## Exercise goal
Return the data below exactly, minus the pictures.

## Recorded information
= Beginning of Section =
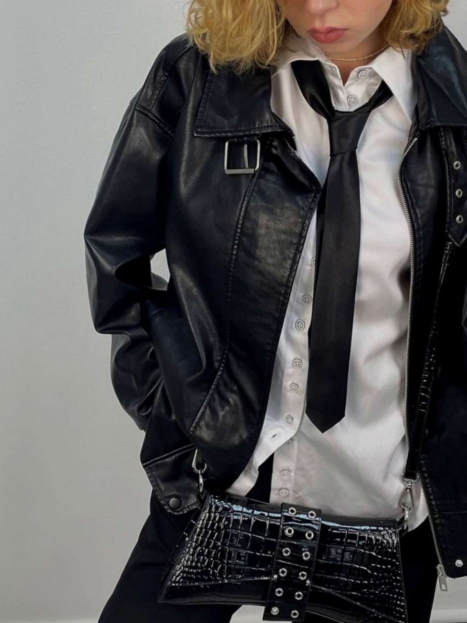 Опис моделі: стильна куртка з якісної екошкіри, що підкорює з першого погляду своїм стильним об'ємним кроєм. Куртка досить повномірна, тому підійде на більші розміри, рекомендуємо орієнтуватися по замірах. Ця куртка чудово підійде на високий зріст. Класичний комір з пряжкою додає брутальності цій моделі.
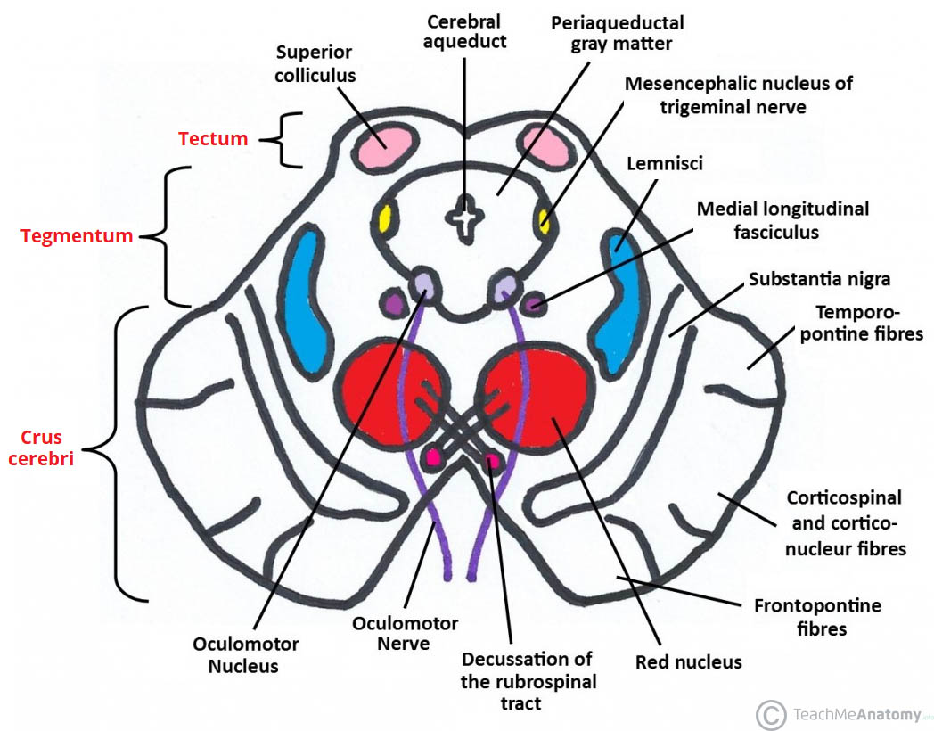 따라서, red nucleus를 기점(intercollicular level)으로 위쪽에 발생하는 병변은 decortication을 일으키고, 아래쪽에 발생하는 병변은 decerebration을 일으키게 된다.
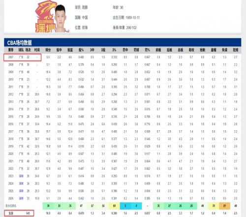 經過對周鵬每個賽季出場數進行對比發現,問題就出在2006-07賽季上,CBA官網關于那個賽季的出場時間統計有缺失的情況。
= End of Section =
## Response to the exercise
 Опис моделі: стильна куртка з якісної екошкіри, що підкорює з першого погляду своїм стильним об'ємним кроєм. Куртка досить повномірна, тому підійде на більші розміри, рекомендуємо орієнтуватися по замірах. Ця куртка чудово підійде на високий зріст. Класичний комір з пряжкою додає брутальності цій моделі.
 따라서, red nucleus를 기점(intercollicular level)으로 위쪽에 발생하는 병변은 decortication을 일으키고, 아래쪽에 발생하는 병변은 decerebration을 일으키게 된다.
 經過對周鵬每個賽季出場數進行對比發現,問題就出在2006-07賽季上,CBA官網關于那個賽季的出場時間統計有缺失的情況。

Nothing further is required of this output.